When an “accidental gardener” grows food they never planted.

Grapefruit tree in Houston, TX. Photo from Ellen H.

Visit any online real estate site and you are asked to choose location, price range and the number of bed rooms desired. You can also select options such as a pool, washer/dryer, two car garage, etc. However you are never asked if you want already existing gardens or fruit trees. Even listings that highlight shade trees overlooking a patio don’t identify the trees, yet with 14 million (increasing 3% annually) homes having fruit trees, the odds are fairly good that the new homeowner may get a surprise crop the next summer.

When we bought our home on a large heavily wooded property years back, I learned that we were now non-gardening gardeners when I stepped on apples that had fallen on the ground.
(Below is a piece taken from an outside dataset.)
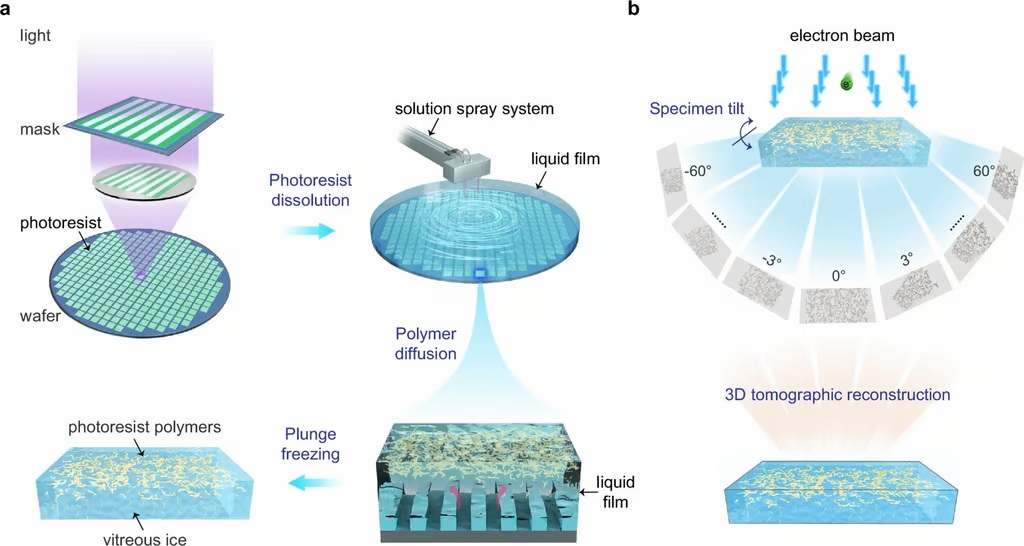 Hanno letteralmente congelato il processo chimico a metà azione. Dopo aver esposto e sviluppato un wafer, hanno raffreddato rapidamente lo sviluppatore a -175°C, bloccando tutto sul posto. Successivamente, hanno utilizzato la tomografia elettronica per ricostruire una visione 3D a livello molecolare.

I was not yet a Master Gardener (or a gardener of any sort) but I was now suddenly growing food. This happens to millions of people every year.

The day I was named CNN Hero in 2010, I read an email on live TV from someone who had thrown away eight 55 gallon drums of fruit the prior year from trees he had never planted. He assured me that, going forward, he would donate the food instead.

Extra grapefruit saved and donated to a food pantry in Houston, TX. Photo from Ellen H.

Even today, we continue to get calls and emails from people whose newly purchased homes came with grapefruit, lemon, orange, apple, apricot, or cherry trees. In the past, they would eat and share some of the food, but most of it was thrown away when they felt overwhelmed. This was not only a missed opportunity to help hungry families, it actually exacerbated climate change (learn more about the link from Project Drawdown).

While our outreach to America’s gardeners targets those who actually garden, the reality is that millions of other people never gardened, yet have garden produce that they can donate to a local food pantry.

If you are one of those people or know someone who is, let them know about AmpleHarvest.org. The “unwanted” food that used to rain down can instead help neighbors in need. And if you are facing thousands of pounds of “surprise food” (we got a call this week from an Arizona family with 10,000 pounds of grapefruit from their trees!), you might want to research local gleaning groups like Society of St. Andrew that can help you collect and donate the food.

Check if your parents or grandparents have “accidental” food and let them know about their opportunity to donate it. They’ll be proud of you.

The apple never falls far from the tree.